Cast your mind back to 21 May 2008. The Luzhniki Stadium in Moscow hosted the Champions League final between Manchester United and Chelsea – England’s two biggest sides at the time. The game was huge.
Cristiano Ronaldo’s header opened the scoring for United, but Frank Lampard fired home an equaliser for the break. The score was 1-1, and it stayed that way. Extra time couldn’t separate the two teams, so we went to penalties.
Ronaldo actually missed his effort, and after four impressive Chelsea penalties, John Terry stepped up to take what could have been a winner. Mr Chelsea had the trophy in reach.
But he slipped.
He missed his effort and was left sitting on the ground in the cold Moscow rain. Chelsea fans were devastated, but that feeling wasn’t shared by everyone. In fact, there were plenty who decided it was funny.

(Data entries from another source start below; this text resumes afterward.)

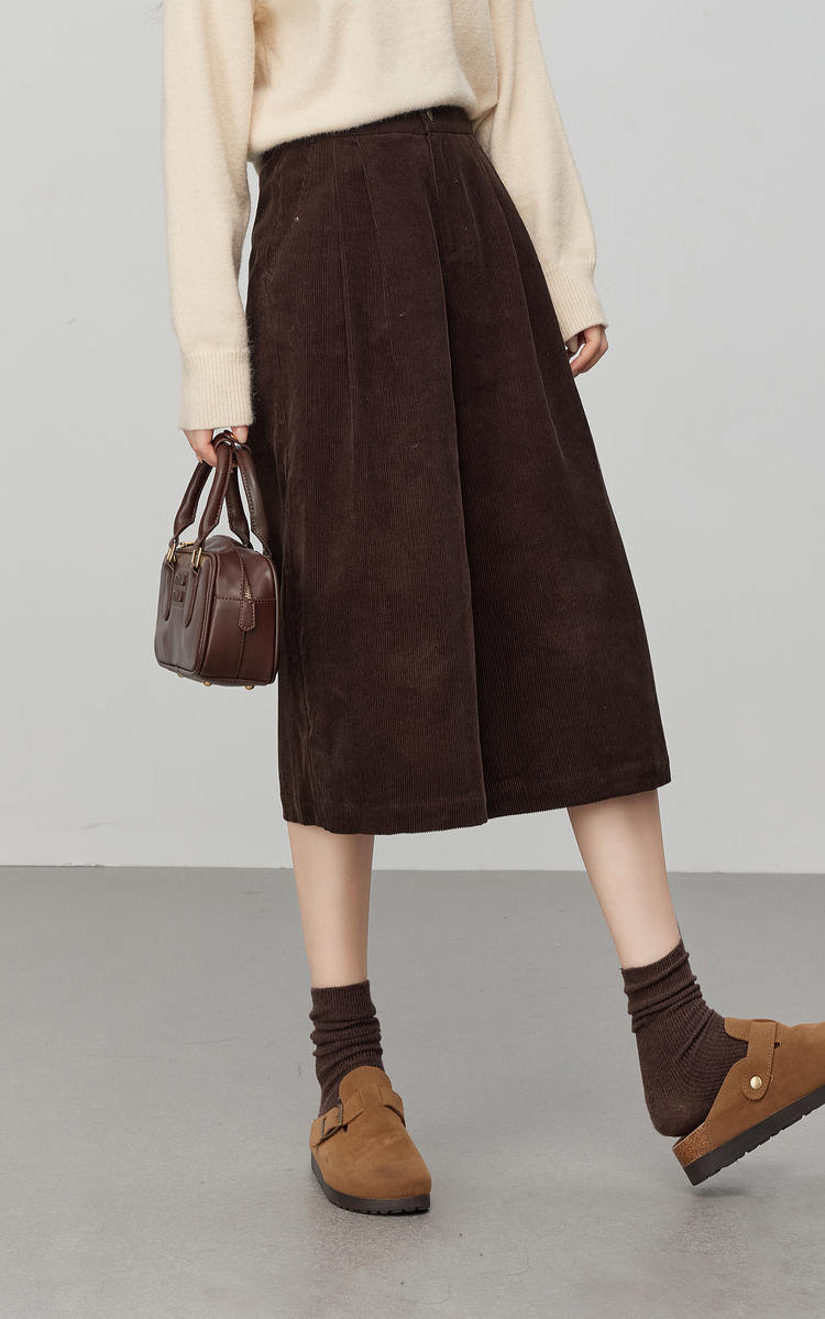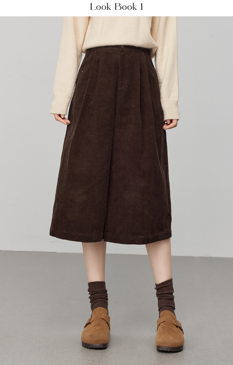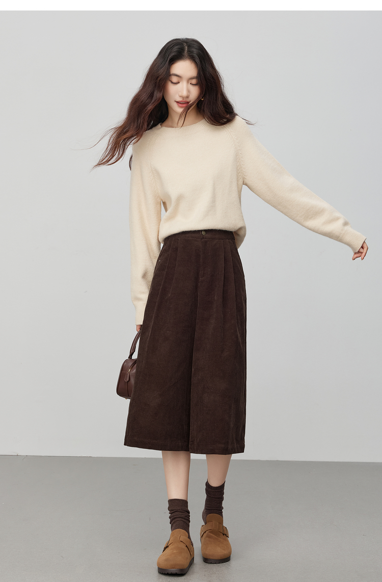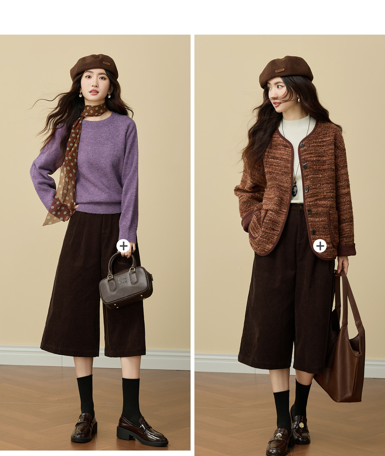 【12/03新品】熙世界复古灯芯绒七分阔腿裤女秋冬加厚遮胯显瘦宽松直筒休闲裤子
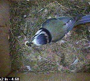 Ten minutes later Mum is back to see if there are any more chicks to look after in the nest box. Of course she just has to clean out the last dropping before she goes!
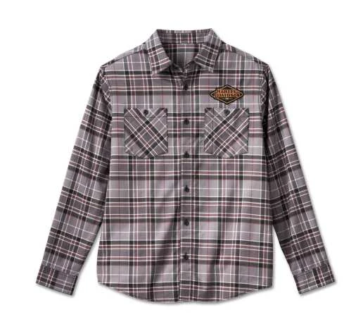 Original Harley-Davidson Herren langarm Hemd aus der limitierten 120th Anniversary Kollektion. Gefertigt aus einer strapazierfähigen Twill-Mischung aus Baumwolle, Polyester und Elastan, die weich gewaschen wurde, damit das Teil als zusätzliche Schicht eine bequeme Wahl ist. Mit einer Stifttasche, einstellbaren Bündchen und einem Kragen, der dank versteckter Druckknöpfe beim Fahren an seinem Platz bleibt. Auf der Vorderseite befindet sich ein spezieller Aufnäher, der unser langjähriges Erbe feiert. Kombiniere dieses Karohemd mit unserer 120th Anniversary Baseball Cap, um unseren Meilenstein gebührend zu würdigen.
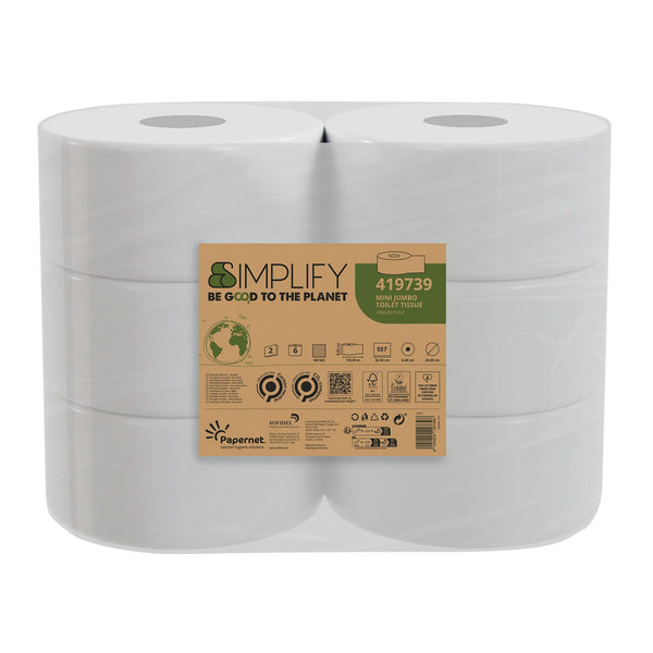 PAPERNET - Pacco 557 strappi carta igienica minijumbo goffratura mini simplify - 419739 - Confezione da 6 PZ
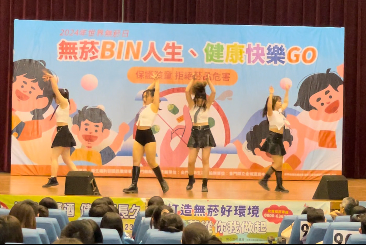 為響應5月31日世界無菸日,金門縣衛生局於5月29日上午假金城國中藝文中心舉辦113年世界無菸日《無菸 BIN人生、健康快樂go》宣導活動,由衛生局李副局長及金城國中謝志偉校長帶領現場青少年朋友一同宣讀拒菸檳宣言,共同倡議「我不吸菸、不嚼檳榔;我拒菸檳,我驕傲」;活動邀請國內百萬網紅,人氣女神、動漫甜心歌手miss 布丁及DJ Mis HSU 絮兩位擔任拒菸大使,現場透過miss 布丁、DJ Mis HSU 絮、魔術互動秀及金門大學熱舞社等表演團體,以High翻全場的歌聲及熱力四射的舞蹈,向金城國中學子宣導拒絕菸檳,迎向健康。
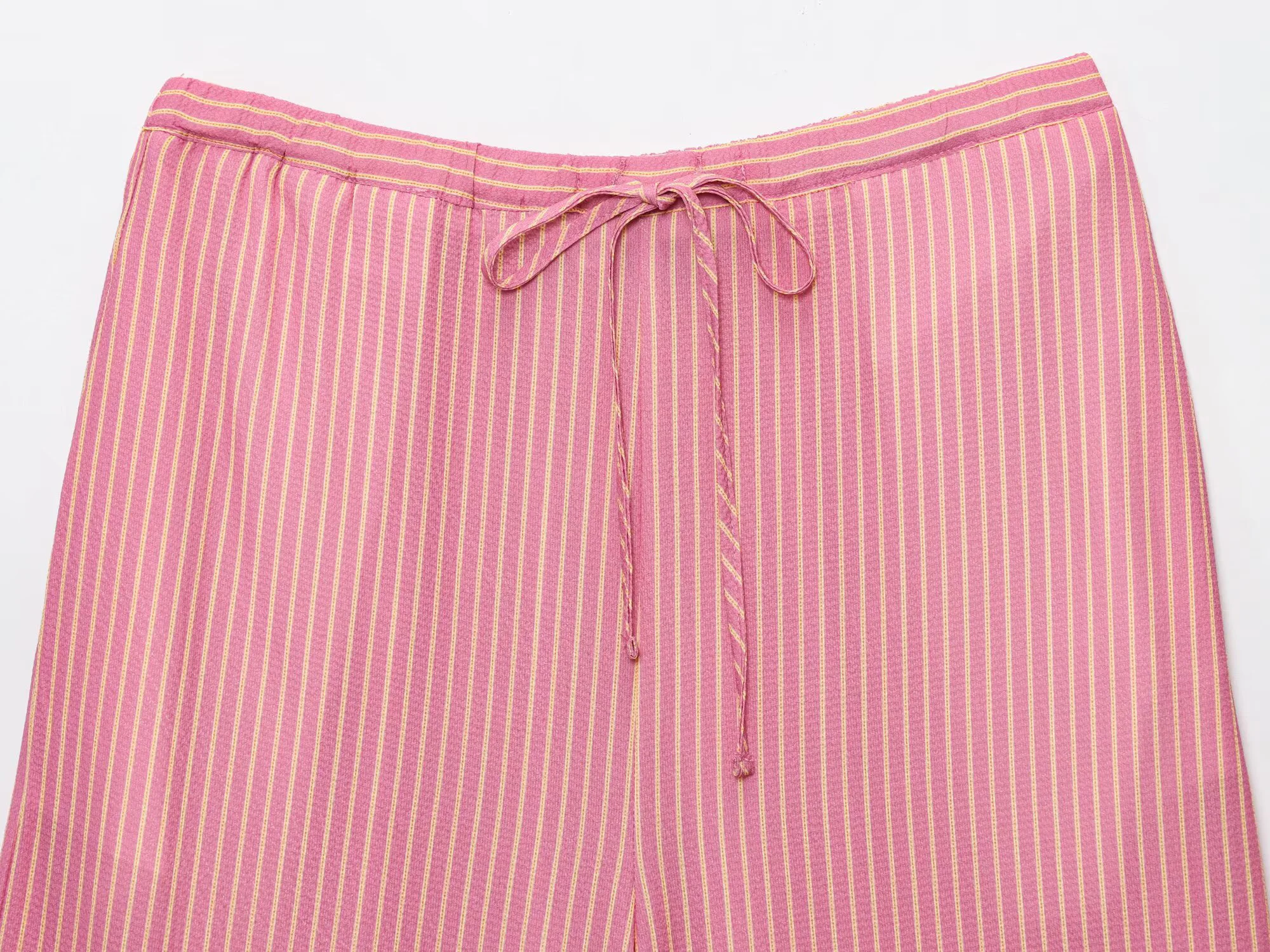 DEEABAE Summer women’s fashion temperament with bow tie and striped suspender top high waist wide leg casual pants set
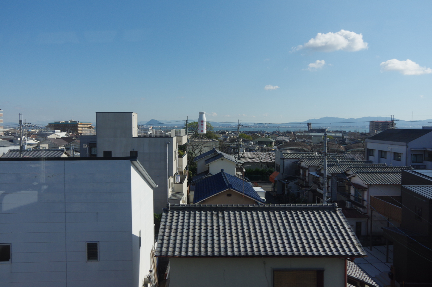 今日は忙しい日となった。午前中は坂本のKクリニックへ検診に出かけるのは、何時もなら京阪石坂線で向かうのだが今日は湖西線JRで向かった。車窓風景は高架を走るから琵琶湖の眺めは良好だ。帰路も湖西線に乗った、車窓から僕が撮りたい場所があり早くからカメラを構えて狙うのは大津際川飛行場のランドマークの毎日牛乳の大きな牛乳瓶を撮るためだ。その大きな牛乳瓶は飛行場が無くなった今も存在感を示していた。そして今日の午後、びわ湖ホール大ホールで近江ARS「染め替えて近江大事」と銘打って滋賀県の文化等をもっと世界に発信しようと情報編集者の松岡正剛氏と三井寺の福家長吏とが共同提案者として新しく出発する集いが今日、開かれた。其の行事に参加するために今日は湖岸ポタリングもお休みにした。大ホールは取材した事も在ったが長吏就任の祝賀の第二部で友人美術作家Oさん達と舞台に上がって少し話す事になったのは福家さんの友人でもある僕が堅苦しい挨拶が続くからほぐし役で選ばれた次第だ。舞台の上から客席を眺めながら超短時間でスピーチを難なく済ませた。そして始まる前に松岡正剛さんと少しお話できた。そして飛行機の話題に、利根川大利根飛行場で活躍していた飛行機エアロンカの話ら、そして今は亡き栗原生死さんの話まで進んだ。松岡さんも飛行機野郎だったのかと嬉しくなった。これも大きな牛乳瓶のお陰だと思った。

It was just so funny. The world had to know how funny it was.
People logged on to Twitter and Facebook, armed with their wittiest “Hahahaha, let’s all laugh at the sad man” jokes, and they were funny. For anyone who wasn’t a Chelsea fan, it was funny seeing Terry’s fall edited over some music, or just a zoomed-in image of his devastated face.
Sure, watching the highlights was fun, but there was something a little better about seeing this mishap over and over and over and over again. The schadenfreude that defines social media today began sprouting from its comedic seed.
And football meme culture was, if not created, then finally birthed.
There was no denying that football memes were the new currency. Funny pictures began cropping up everywhere. Every single meme-able moment was well and truly memed. If you weren’t constantly flooding your feed with football memes, you were wasting your time.
Back in the day, old-school memes were pretty much just pictures with a cheap font plastered over it. The internet wasn’t as powerful as it is today, so every post came with some ‘witty’ comment. By today’s standards, that’s poor, but because it was all so new and fresh at the time, it was gold.
As time went on, the number of memes kept growing and growing, and the type of memes changed too. It didn’t necessarily have to be a bad moment, but just something bizarre.
We had Mario Balotelli flexing.
Phil Jones pulling faces.
Bruno Martins Indi being hyper-focused.
Ashley Cole being awkward.
And of course, we had Steven Gerrard completing the meme cycle by being rinsed for a slip of his own.
At this point, everything’s a meme. If you do one thing that’s even remotely wrong, there are millions of people ready to capitalise on it. For some, it’s all that’s wrong with Twitter, but many think that’s what makes it so special.
In football, whether it’s a failed pass, goalkeeping mistake or a missed shot, you can guarantee it’s going to do the rounds on Twitter. For some, making a joke and blowing up on social media is almost as important as the game.
Terry’s slip birthed a culture of dark comedy online. It was undoubtedly the toughest moment of the Chelsea man’s sporting career, but that made it even sweeter for rival fans. The moment lasted just a few seconds, but the memes will last forever.